Dataset records.

━━━━━━━━

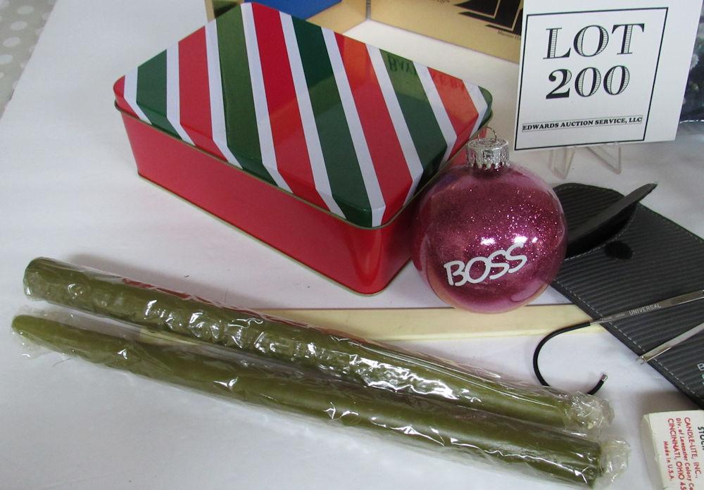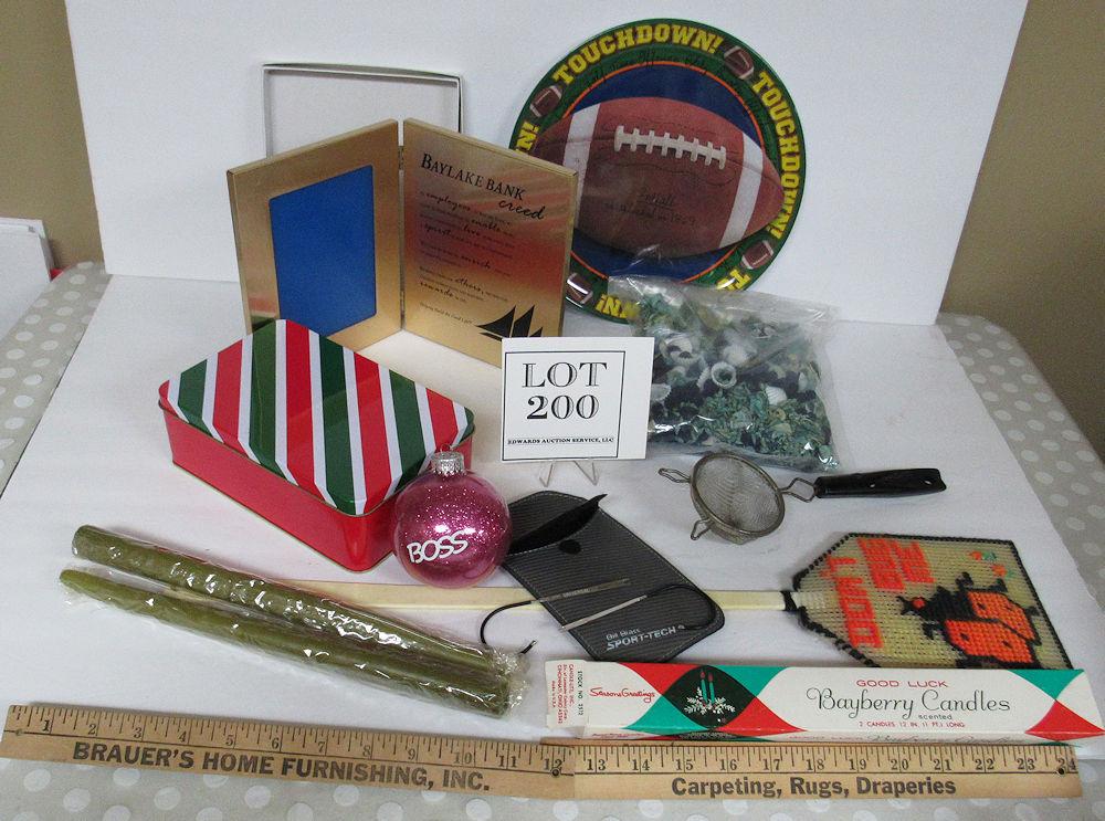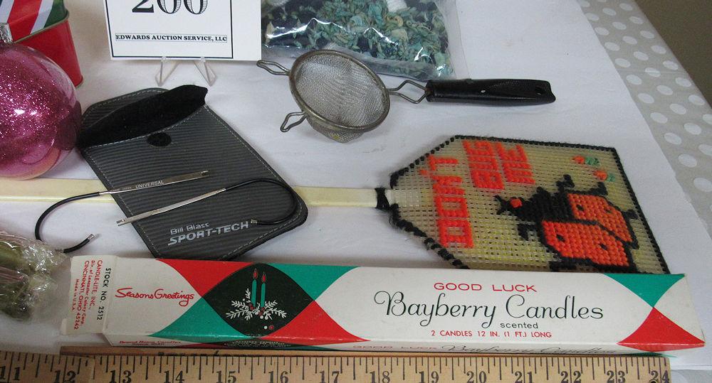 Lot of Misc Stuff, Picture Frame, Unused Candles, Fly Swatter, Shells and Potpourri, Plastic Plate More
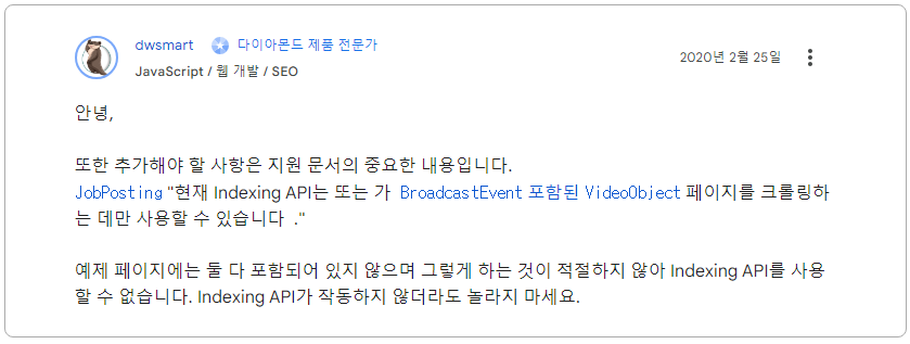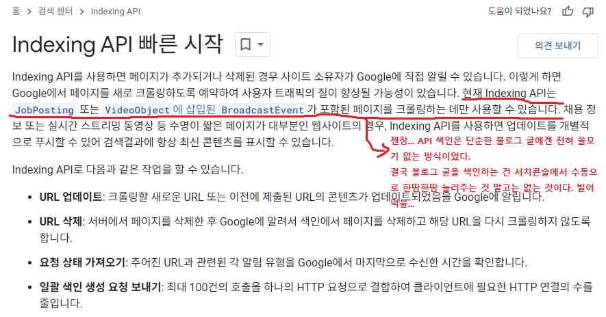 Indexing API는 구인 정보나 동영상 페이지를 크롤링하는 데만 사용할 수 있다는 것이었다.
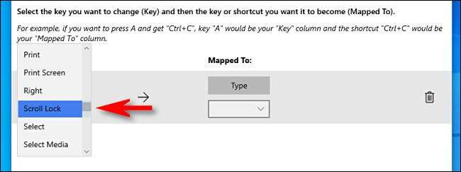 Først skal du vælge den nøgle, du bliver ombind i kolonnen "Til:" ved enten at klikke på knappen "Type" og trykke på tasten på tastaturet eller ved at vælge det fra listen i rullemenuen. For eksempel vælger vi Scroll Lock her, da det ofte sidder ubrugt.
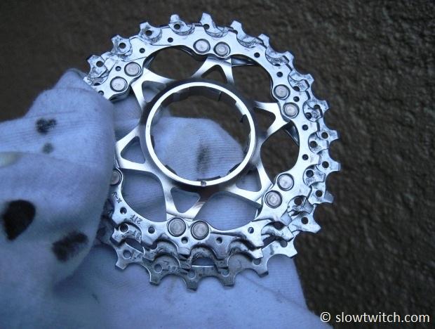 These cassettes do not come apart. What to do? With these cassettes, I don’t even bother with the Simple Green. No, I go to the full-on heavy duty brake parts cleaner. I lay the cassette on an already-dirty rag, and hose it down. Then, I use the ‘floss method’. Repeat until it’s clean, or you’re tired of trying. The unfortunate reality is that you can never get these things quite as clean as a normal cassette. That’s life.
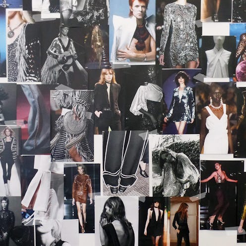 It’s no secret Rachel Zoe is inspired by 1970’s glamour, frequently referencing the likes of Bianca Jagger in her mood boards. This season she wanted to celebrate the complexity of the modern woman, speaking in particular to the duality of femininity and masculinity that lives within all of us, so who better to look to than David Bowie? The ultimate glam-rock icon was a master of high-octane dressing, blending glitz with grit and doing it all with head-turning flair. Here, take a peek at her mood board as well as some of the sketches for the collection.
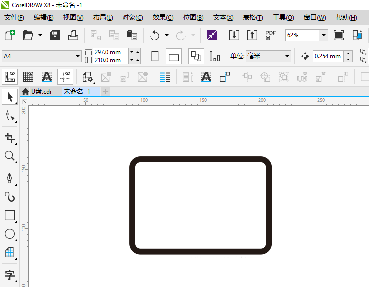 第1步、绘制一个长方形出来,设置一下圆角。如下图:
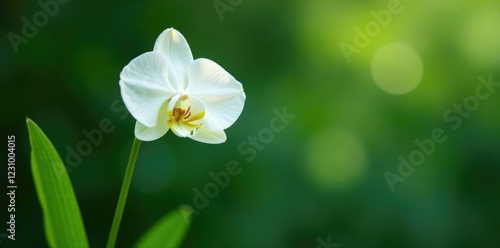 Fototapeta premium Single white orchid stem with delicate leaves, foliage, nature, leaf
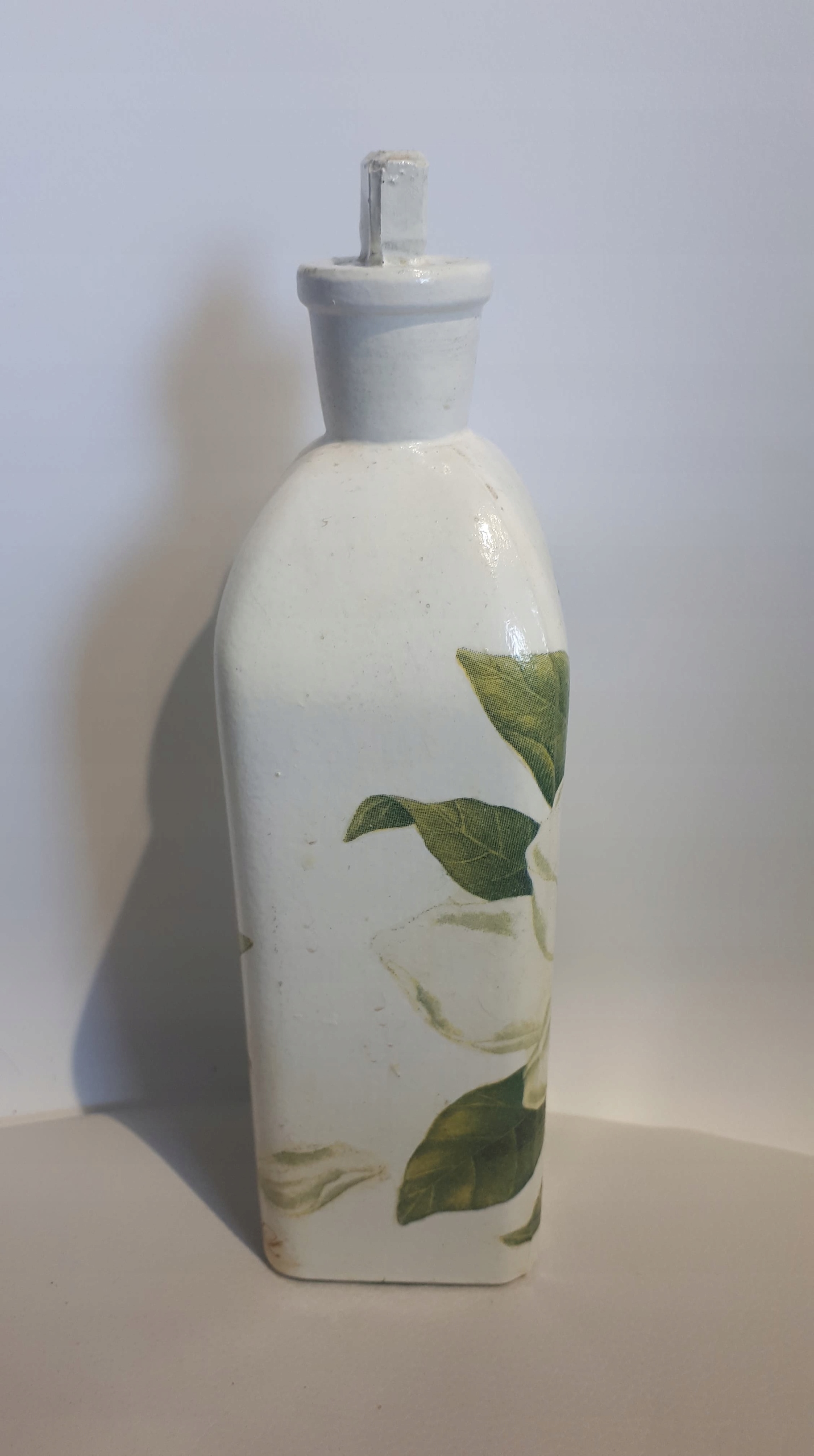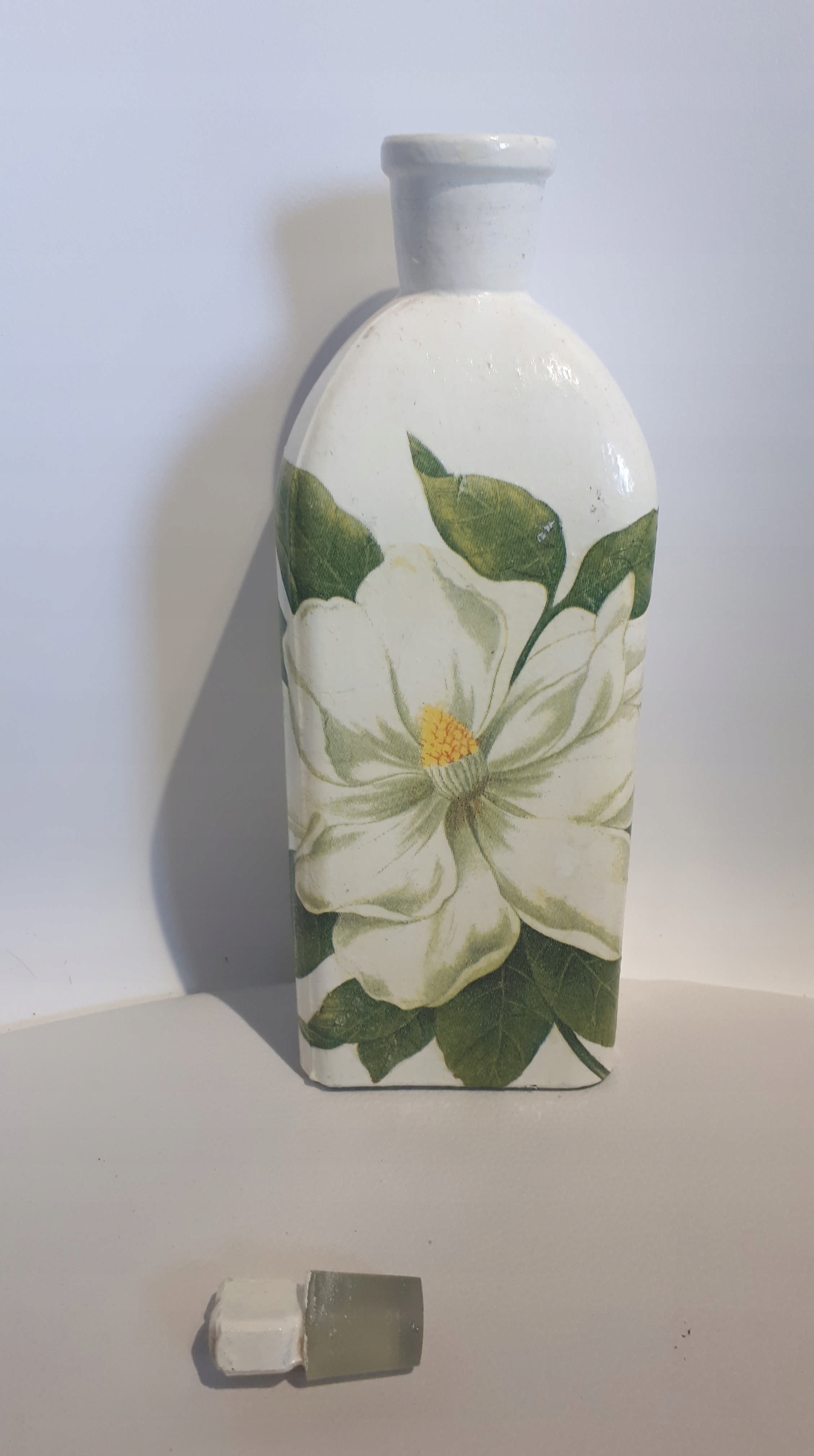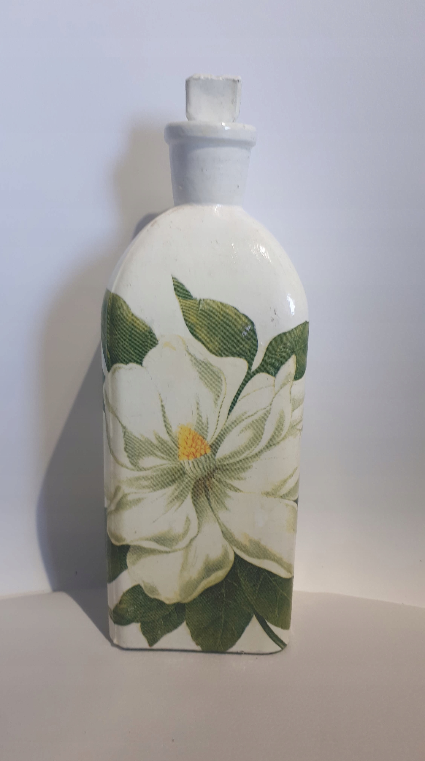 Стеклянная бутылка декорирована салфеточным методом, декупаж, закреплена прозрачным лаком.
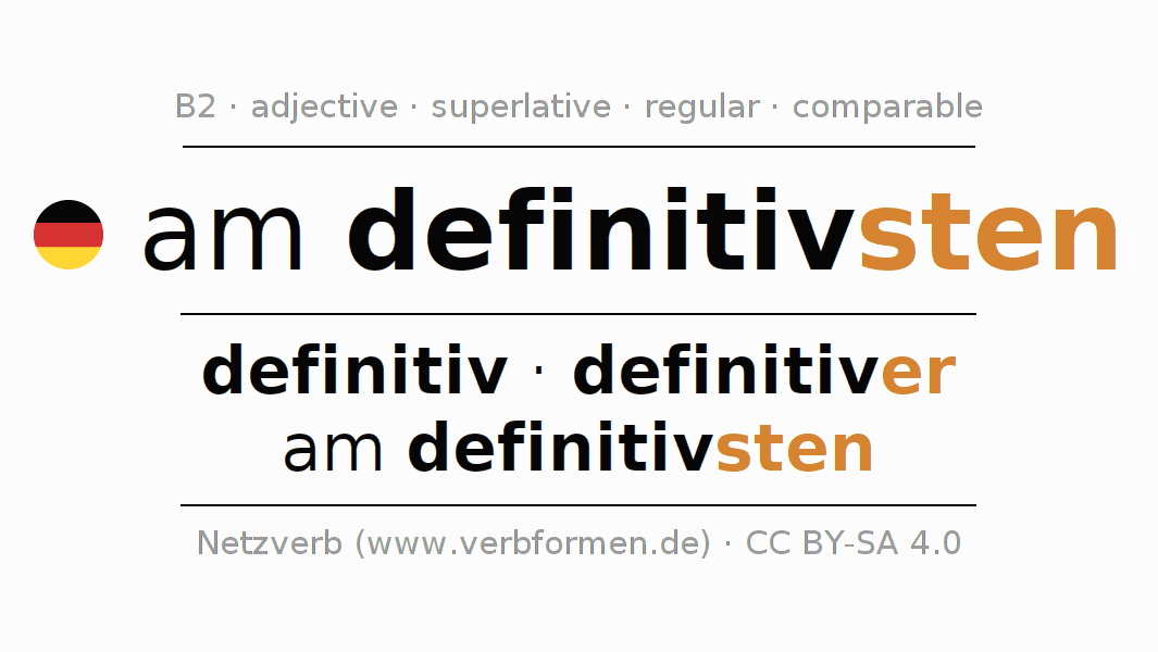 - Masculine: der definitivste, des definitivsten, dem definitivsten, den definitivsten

━━━━━━━━

Your instructions. Without including the pictures, copy all of the data exactly.

Answer for the task.
 Lot of Misc Stuff, Picture Frame, Unused Candles, Fly Swatter, Shells and Potpourri, Plastic Plate More
 Indexing API는 구인 정보나 동영상 페이지를 크롤링하는 데만 사용할 수 있다는 것이었다.
 Først skal du vælge den nøgle, du bliver ombind i kolonnen "Til:" ved enten at klikke på knappen "Type" og trykke på tasten på tastaturet eller ved at vælge det fra listen i rullemenuen. For eksempel vælger vi Scroll Lock her, da det ofte sidder ubrugt.
 These cassettes do not come apart. What to do? With these cassettes, I don’t even bother with the Simple Green. No, I go to the full-on heavy duty brake parts cleaner. I lay the cassette on an already-dirty rag, and hose it down. Then, I use the ‘floss method’. Repeat until it’s clean, or you’re tired of trying. The unfortunate reality is that you can never get these things quite as clean as a normal cassette. That’s life.
 It’s no secret Rachel Zoe is inspired by 1970’s glamour, frequently referencing the likes of Bianca Jagger in her mood boards. This season she wanted to celebrate the complexity of the modern woman, speaking in particular to the duality of femininity and masculinity that lives within all of us, so who better to look to than David Bowie? The ultimate glam-rock icon was a master of high-octane dressing, blending glitz with grit and doing it all with head-turning flair. Here, take a peek at her mood board as well as some of the sketches for the collection.
 第1步、绘制一个长方形出来,设置一下圆角。如下图:
 Fototapeta premium Single white orchid stem with delicate leaves, foliage, nature, leaf
 Стеклянная бутылка декорирована салфеточным методом, декупаж, закреплена прозрачным лаком.
 - Masculine: der definitivste, des definitivsten, dem definitivsten, den definitivsten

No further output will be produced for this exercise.